▸ **TO DO**: Write the listing out again exactly as it stands, with no images.

▸ **MATERIAL PROVIDED**:
··········
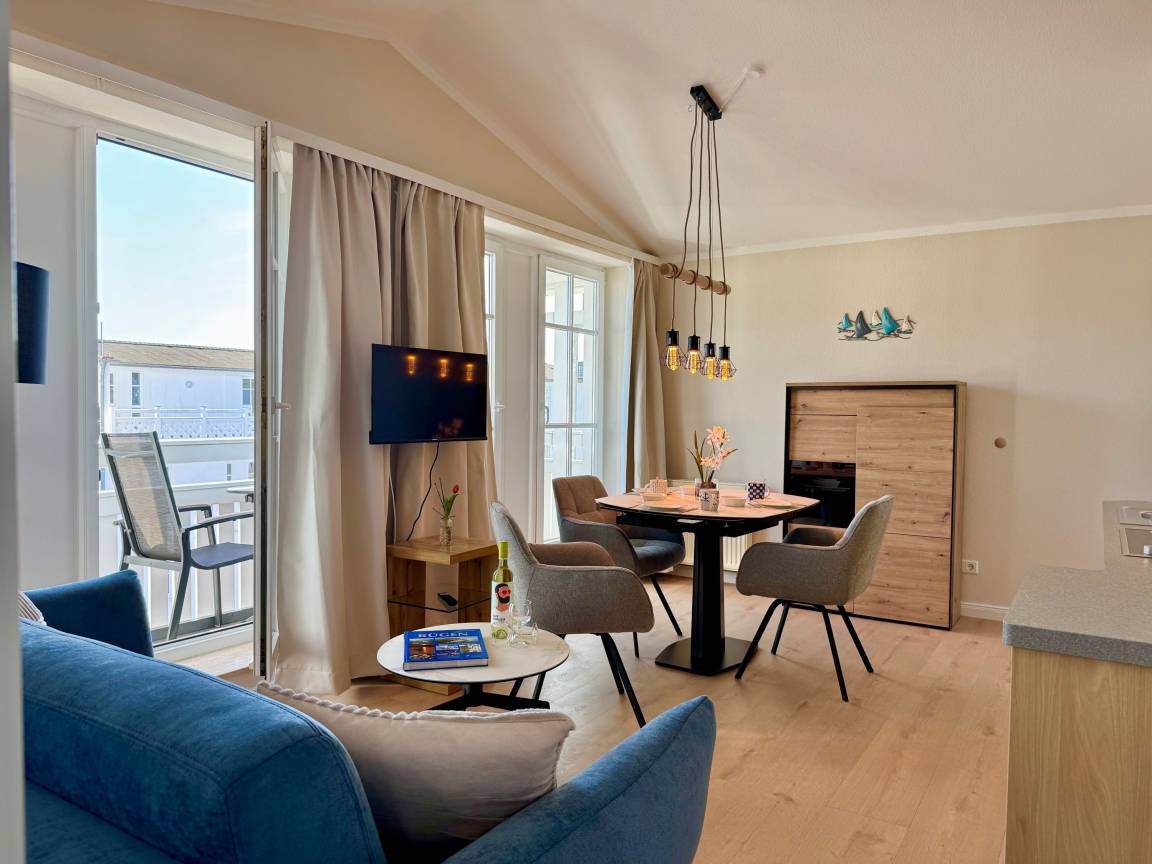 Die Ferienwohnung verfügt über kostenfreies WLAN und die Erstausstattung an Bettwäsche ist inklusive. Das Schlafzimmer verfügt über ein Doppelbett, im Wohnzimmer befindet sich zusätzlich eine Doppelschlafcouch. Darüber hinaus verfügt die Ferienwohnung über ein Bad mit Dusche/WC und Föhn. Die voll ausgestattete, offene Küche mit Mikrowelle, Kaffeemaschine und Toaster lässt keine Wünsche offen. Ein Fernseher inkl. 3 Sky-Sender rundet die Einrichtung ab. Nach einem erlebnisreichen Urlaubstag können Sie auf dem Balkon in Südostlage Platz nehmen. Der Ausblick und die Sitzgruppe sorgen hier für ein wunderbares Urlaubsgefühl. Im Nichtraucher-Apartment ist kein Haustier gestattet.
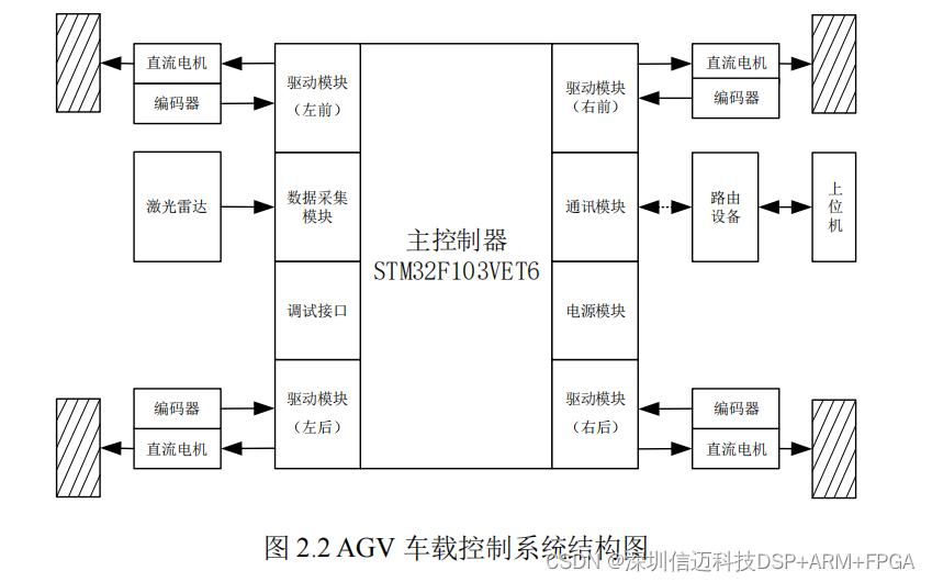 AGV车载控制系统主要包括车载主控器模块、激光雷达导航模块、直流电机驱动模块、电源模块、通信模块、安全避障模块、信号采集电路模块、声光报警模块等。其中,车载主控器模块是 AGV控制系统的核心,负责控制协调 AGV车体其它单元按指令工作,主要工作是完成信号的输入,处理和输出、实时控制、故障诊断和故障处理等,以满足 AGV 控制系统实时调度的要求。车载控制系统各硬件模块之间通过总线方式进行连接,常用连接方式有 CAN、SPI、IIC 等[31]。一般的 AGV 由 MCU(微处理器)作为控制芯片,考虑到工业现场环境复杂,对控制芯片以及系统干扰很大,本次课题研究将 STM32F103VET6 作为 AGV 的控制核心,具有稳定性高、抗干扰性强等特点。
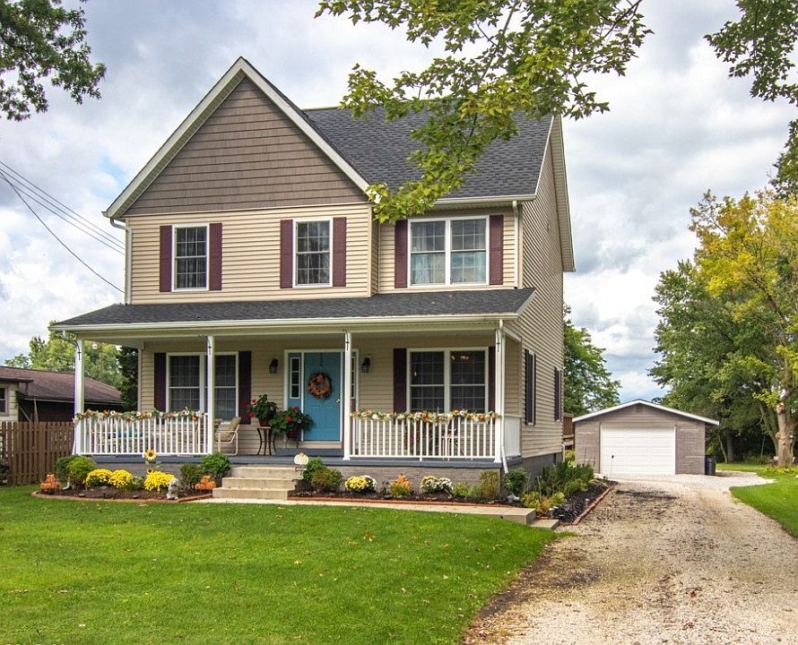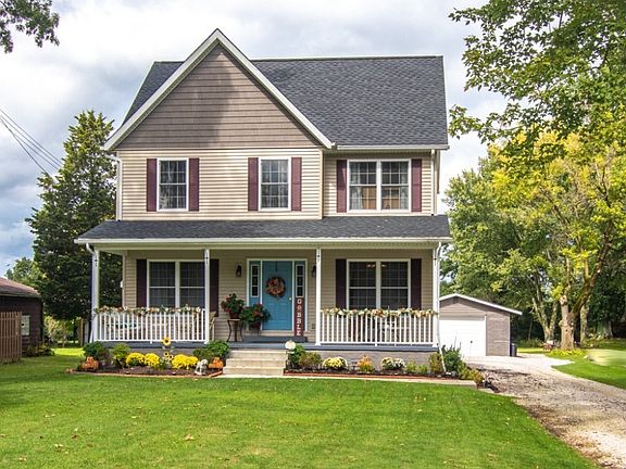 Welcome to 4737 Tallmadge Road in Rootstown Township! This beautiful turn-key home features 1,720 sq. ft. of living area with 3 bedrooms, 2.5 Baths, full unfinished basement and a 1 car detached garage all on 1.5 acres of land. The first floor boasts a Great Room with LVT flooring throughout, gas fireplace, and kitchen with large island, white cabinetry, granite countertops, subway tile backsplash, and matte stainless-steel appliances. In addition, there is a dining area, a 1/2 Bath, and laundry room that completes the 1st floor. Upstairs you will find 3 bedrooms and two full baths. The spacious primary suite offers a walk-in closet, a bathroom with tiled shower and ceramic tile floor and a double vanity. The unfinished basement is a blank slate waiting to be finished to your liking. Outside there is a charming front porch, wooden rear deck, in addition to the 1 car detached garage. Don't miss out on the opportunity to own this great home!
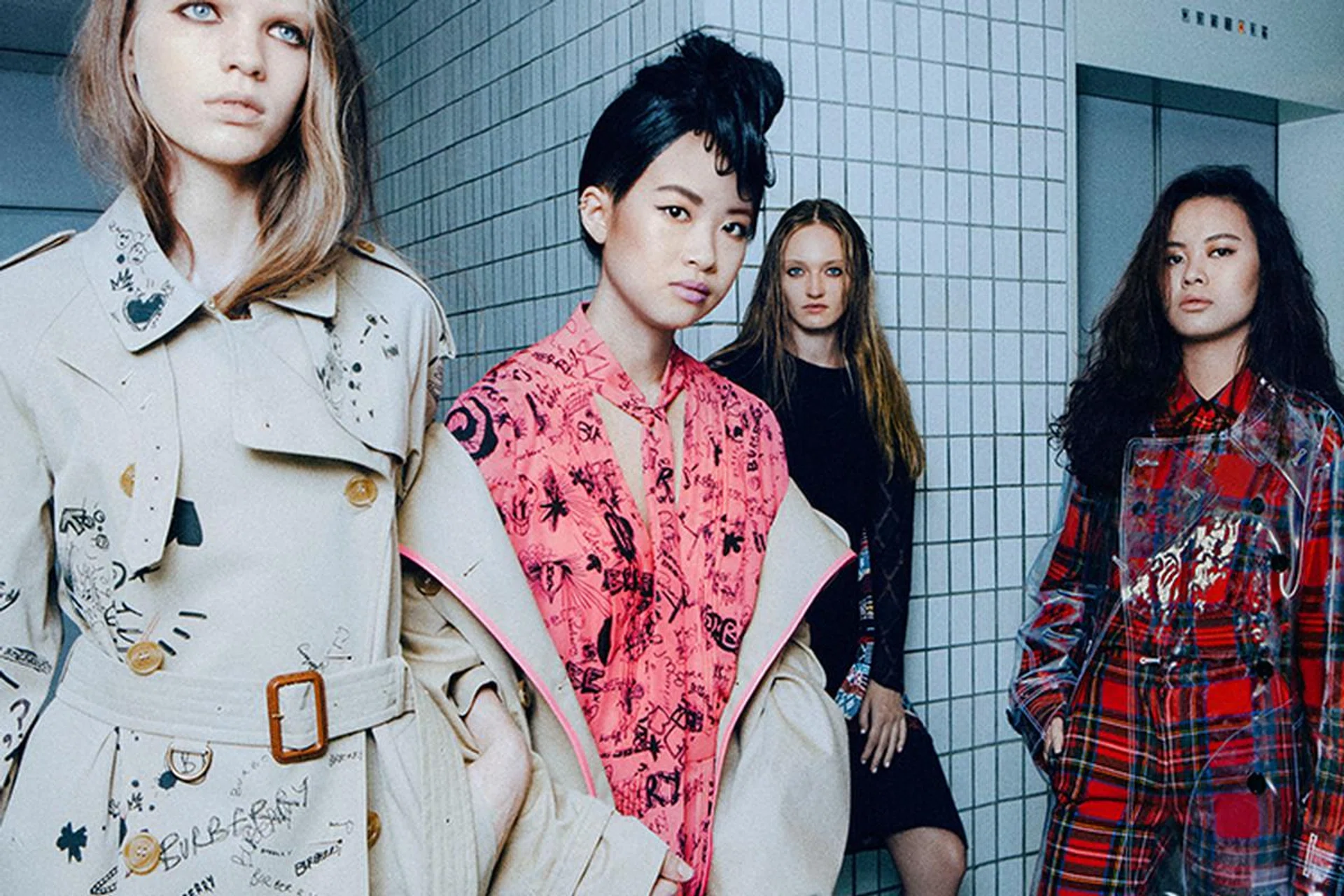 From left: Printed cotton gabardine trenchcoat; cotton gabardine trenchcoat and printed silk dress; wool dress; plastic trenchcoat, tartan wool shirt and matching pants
··········
▸ **TASK SOLUTION**:
 Die Ferienwohnung verfügt über kostenfreies WLAN und die Erstausstattung an Bettwäsche ist inklusive. Das Schlafzimmer verfügt über ein Doppelbett, im Wohnzimmer befindet sich zusätzlich eine Doppelschlafcouch. Darüber hinaus verfügt die Ferienwohnung über ein Bad mit Dusche/WC und Föhn. Die voll ausgestattete, offene Küche mit Mikrowelle, Kaffeemaschine und Toaster lässt keine Wünsche offen. Ein Fernseher inkl. 3 Sky-Sender rundet die Einrichtung ab. Nach einem erlebnisreichen Urlaubstag können Sie auf dem Balkon in Südostlage Platz nehmen. Der Ausblick und die Sitzgruppe sorgen hier für ein wunderbares Urlaubsgefühl. Im Nichtraucher-Apartment ist kein Haustier gestattet.
 AGV车载控制系统主要包括车载主控器模块、激光雷达导航模块、直流电机驱动模块、电源模块、通信模块、安全避障模块、信号采集电路模块、声光报警模块等。其中,车载主控器模块是 AGV控制系统的核心,负责控制协调 AGV车体其它单元按指令工作,主要工作是完成信号的输入,处理和输出、实时控制、故障诊断和故障处理等,以满足 AGV 控制系统实时调度的要求。车载控制系统各硬件模块之间通过总线方式进行连接,常用连接方式有 CAN、SPI、IIC 等[31]。一般的 AGV 由 MCU(微处理器)作为控制芯片,考虑到工业现场环境复杂,对控制芯片以及系统干扰很大,本次课题研究将 STM32F103VET6 作为 AGV 的控制核心,具有稳定性高、抗干扰性强等特点。
 Welcome to 4737 Tallmadge Road in Rootstown Township! This beautiful turn-key home features 1,720 sq. ft. of living area with 3 bedrooms, 2.5 Baths, full unfinished basement and a 1 car detached garage all on 1.5 acres of land. The first floor boasts a Great Room with LVT flooring throughout, gas fireplace, and kitchen with large island, white cabinetry, granite countertops, subway tile backsplash, and matte stainless-steel appliances. In addition, there is a dining area, a 1/2 Bath, and laundry room that completes the 1st floor. Upstairs you will find 3 bedrooms and two full baths. The spacious primary suite offers a walk-in closet, a bathroom with tiled shower and ceramic tile floor and a double vanity. The unfinished basement is a blank slate waiting to be finished to your liking. Outside there is a charming front porch, wooden rear deck, in addition to the 1 car detached garage. Don't miss out on the opportunity to own this great home!
 From left: Printed cotton gabardine trenchcoat; cotton gabardine trenchcoat and printed silk dress; wool dress; plastic trenchcoat, tartan wool shirt and matching pants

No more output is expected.